→ **Required action**
Output the full listing exactly as written, with no pictures in it.

→ **Data below**
——

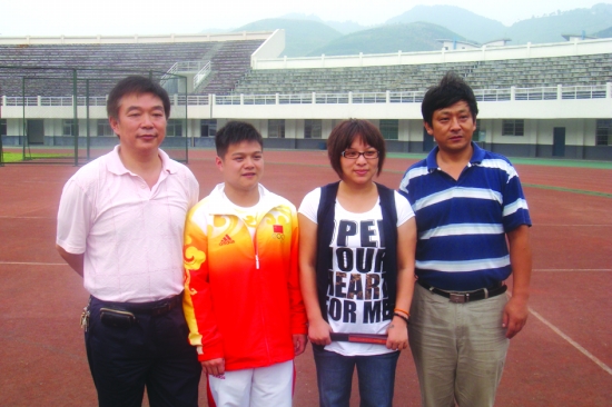 杨霞、龙清泉与他们的教练李小平、甘智悦。
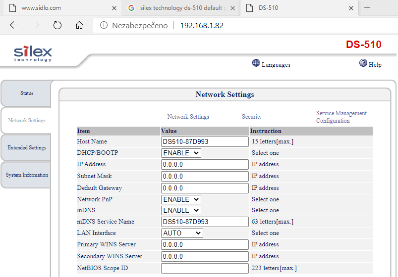Chování DS-520 Protože zařízení Silex USB Device server funguje neskutečně
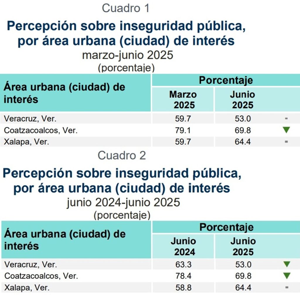 En el apartado Percepción sobre inseguridad pública, por área urbana (ciudad) de interés de marzo 2025 – junio 2025; el puerto de Veracruz, disminuyó de 59.7% a 53.0%; el puerto de Coatzacoalcos, también disminuyó de 79.1% a 69.8% y para la Capital Xalapa, aumentó de 59.7% a 64.4%.

——

→ **Answer to the exercise**
 杨霞、龙清泉与他们的教练李小平、甘智悦。
Chování DS-520 Protože zařízení Silex USB Device server funguje neskutečně
 En el apartado Percepción sobre inseguridad pública, por área urbana (ciudad) de interés de marzo 2025 – junio 2025; el puerto de Veracruz, disminuyó de 59.7% a 53.0%; el puerto de Coatzacoalcos, también disminuyó de 79.1% a 69.8% y para la Capital Xalapa, aumentó de 59.7% a 64.4%.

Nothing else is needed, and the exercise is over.